Thursday, April 28, 2011

Glow-in-the-Dark Beef?

Photo courtesy: greengulchranch

Japan's government said the number of cattle fed with hay contaminated by radiation has doubled, two days after shipments of beef from cows raised near the wrecked Fukushima nuclear plant were banned.

As of yesterday there were 1,256 potentially contaminated cows from 637 two days earlier, said Kazutoshi Nobuto, a spokesman for the Ministry of Agriculture, Forestry and Fisheries.

"This is a major, major problem," Goshi Hosono, Japan's food safety minister, said yesterday at a press conference in the Foreign Correspondents' Club of Japan. Hosono is also in charge of the response to the Fukushima nuclear disaster.

The cattle ate tainted straw during a feed-supply shortage after the March earthquake and tsunami caused the reactor meltdowns at the Fukushima Dai-Ichi plant north of Tokyo. The government needs to move quickly to allay public concern about food safety, said nuclear physicist Peter Burns.

"If you don't go riding in hard from the start, 110 percent rigorous on it, then you have these things crop up and it creates a lack of confidence in the product," Burns, a former Australian representative on the United Nation's scientific committee on atomic radiation, said in an interview.

The government on July 19 imposed a ban on shipments from Fukushima prefecture north of the capital after finding 637 cattle were fed hay containing radioactive cesium. Some of the cattle had been slaughtered and the beef shipped to supermarkets, including Japan's biggest, Aeon Co., and sold in Tokyo and other cities.

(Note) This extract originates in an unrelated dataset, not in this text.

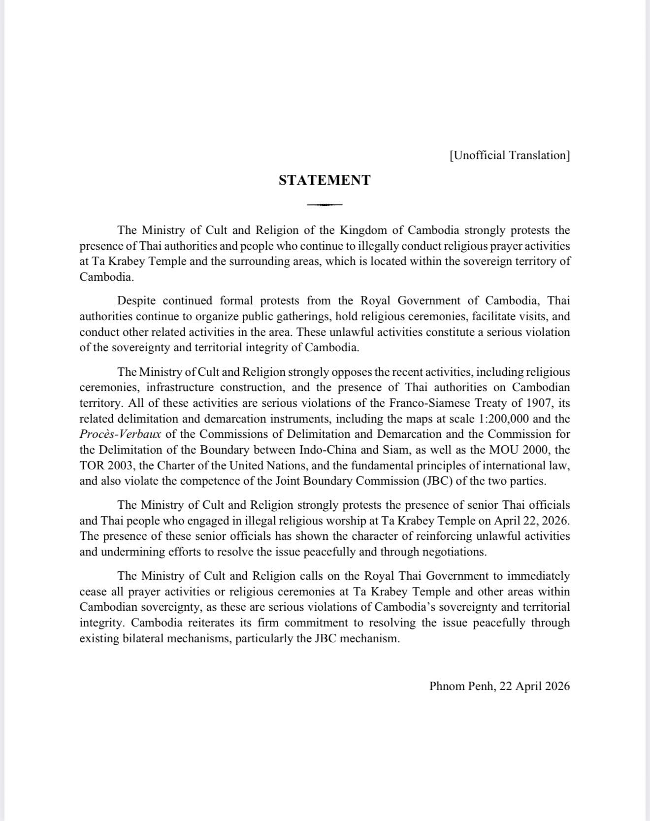 រាជធានីភ្នំពេញ៖ ក្រសួងធម្មការ និងសាសនា បន្តតវ៉ាយ៉ាងខ្លាំងក្លាបំផុត ចំពោះវត្តមានរបស់អាជ្ញាធរ និងប្រជាជនថៃ ដែលបានធ្វើសកម្មភាពខុសច្បាប់ រៀបចំពិធីបួងសួងបែបជំនឿសាសនានៅ«ប្រាសាទតាក្របី និងតំបន់ជុំវិញ» ដែលជាទីតាំងស្ថិតនៅក្នុងដែនអធិបតេយ្យភាពរបស់កម្ពុជា កាលពីថ្ងៃទី២២ ខែមេសា ឆ្នាំ២០២៦...។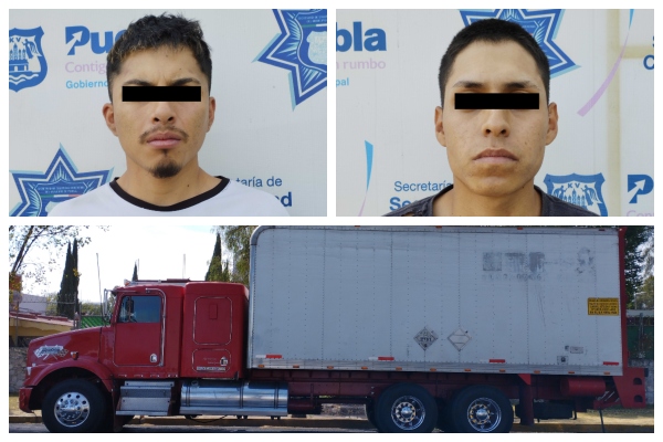 Elementos de la Policía Municipal de Puebla detuvieron a Francisco “N.” y a Óscar “N”, de 26 y 22 años de edad, respectivamente, por su participación en el delito de robo de transporte de carga.

Hay from rice stalks made in Fukushima prefecture was found to contain radiation of as much as 690,000 becquerels compared with the 300-becquerel safety limit, according to the local government office. The cattle suspected of being fed the contaminated hay have been shipped to 45 of Japan's 47 prefectures, Kyodo News reported yesterday.

A becquerel represents one radioactive decay per second, which involves the release of atomic energy that can damage human cells and DNA, causing leukemia and other forms of cancer, according to the World Nuclear Association.

Some beef from the cattle contained cesium exceeding government standards and was sold to consumers, said Kazuyuki Hashimoto, an official at the food-monitoring division of the Tokyo metropolitan government.

About 437 kilograms (963 pounds) of beef from a farm in Minami-Soma city, 30 kilometers from the Fukushima Dai-Ichi nuclear station, was eaten in eight prefectures, according to the Tokyo metropolitan government, which detected the first case of tainted beef from the farm earlier this month.

Isetan Mitsukoshi Holdings Ltd. today said it had inadvertently sold beef later found to be contaminated with radioactive cesium at three of its stores.

A total of 68.2 kilograms of tainted beef was sold at stores in Shizuoka and Kanagawa prefectures and by a subsidiary in Tokyo, the company said in a statement on its website today.

Japan's agriculture ministry has also been conducting tests of fish caught in the waters off the eastern seaboard of the country and found some contaminated with radiation.

"So far no contaminated sea products have entered the food supply channel," Shouichi Takayama, assistant director at the Fisheries Agency's ecosystem conservation office, said today.

Products including spinach, mushrooms, bamboo shoots, tea, milk, plums and fish have been found to be contaminated with cesium and iodine as far as 360 kilometers (225 miles) from Dai- Ichi. Tokyo Electric Power Co., the operator of the Fukushima station, said on June 14 it found cesium in milk tested near another nuclear reactor site about 210 kilometers from the damaged plant.

While the risk to the health of individuals who have eaten the beef is minor, the damage to reputation could end up "destroying whole industries," Burns said, who has 40 years experience in radiation safety.